If you don’t agree and often get frustrated when discussing certain areas of your life together, you are most likely being confronted with a difference in core value.

Core values are the foundation of who you are and how you choose to show up in the world. They impact your decision making process and are the reasoning behind your choices. Shared core values can contribute to great harmony in a relationship, and differences can be an endless source of misunderstandings and / or judgements.

Let’s look at a concrete example:

Do you ever find yourself thinking that your spouse is anal, neurotic or just plain controlling and anxious?

Or are you the one who can sometimes feel like your partner is lazy, too laid back or even somewhat irresponsible?

Whether you like to play first and then use that energy to get your work done, or if you learned that first you do your homework and then you play… how  you experience work and play is about core values.
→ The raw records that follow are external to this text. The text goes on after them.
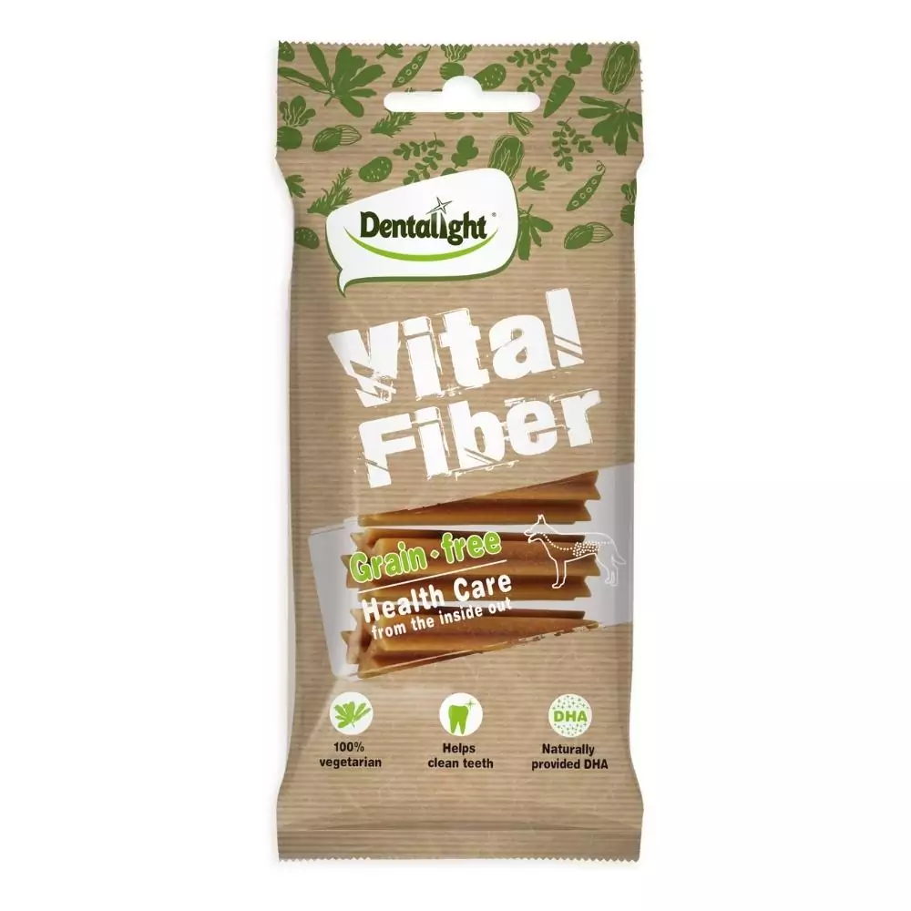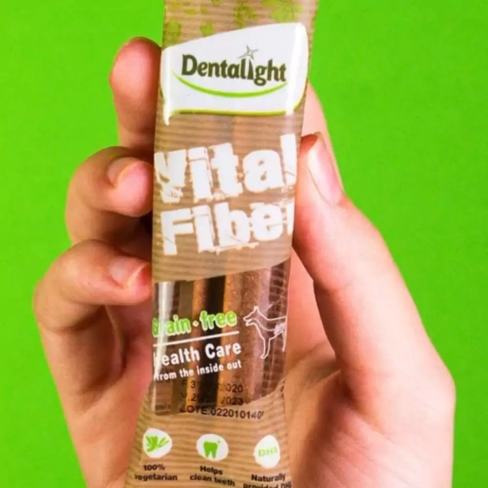 - O Vital Fiber da Dentalight é um petisco natural, saudável e com sabor que os cachorros adoram.
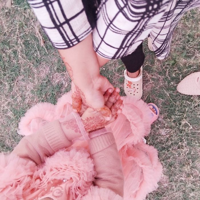 A high-angle view depicts the hands and lower legs of two individuals on a sparse grassy surface. On the left, a child wears a light pink ruffled dress over beige long sleeves, with sequins visible on the dress's upper portion. Both the child's visible hands are decorated with intricate reddish-brown henna patterns. Light blue sandals are visible on their feet. On the right, an adult in a black and white plaid garment holds the child's right hand with their left hand, which is also adorned with reddish-brown henna patterns. The adult's right foot wears a beige Crocs-style sandal featuring a red bow and "BABY" text on the strap; their left foot wears a light pink textured flat shoe. The ground consists of dry, sparse green grass and visible dirt patches. The precise location within the city of Lassan, Pakistan, is not discernible from the image.
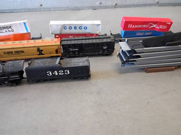 I.am selling these triana.s it's The Caterpillar train sounds lights In Perfect condition The 2 mini trains the locomotor of vapor need rapairs of 18 carriages & the 12 paper container Used in...
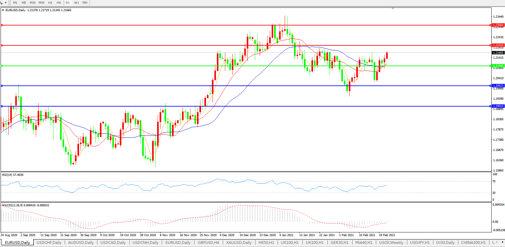 交易策略:1.2100上方看涨,目标1.2200、1.2300

The most important thing to remember  when you find yourself at the opposite end of the spectrum – in this case responsibility first or enjoyment first – is that neither one of you is right or wrong. Neither core value is better or worse than the other.

It’s when you get caught up in a critical stance of the other person being wrong somehow, that you get stuck in arguments.

What you can do:

  • Discuss your core values and concretely identify where you stand. A great resource for this conversation  is the work of Brent Atkinson, Ph.D at  the
  • Be curious – learn about how or where your partner learned about his or her core values and how she or he feels when the preferred way of approaching life is challenged or compromised
  • Agree and continue to remind yourself that your spouse is not wrong… you are both right and both entitled to honour your core value.
  • Discuss how and where you can compromise – in other words how can you avoid butting heads all the time, what would each one of you be comfortable to settle for or live with
  • Have compassion for each other and this process of being different. The desire or need to do things a certain way is attached to specific anxieties.


Remember, your spouse is not the enemy just because he or she likes to do it differently.

With some compassion, curiosity and humour you can use your differences to create balance and come up with innovative ideas of sharing life together.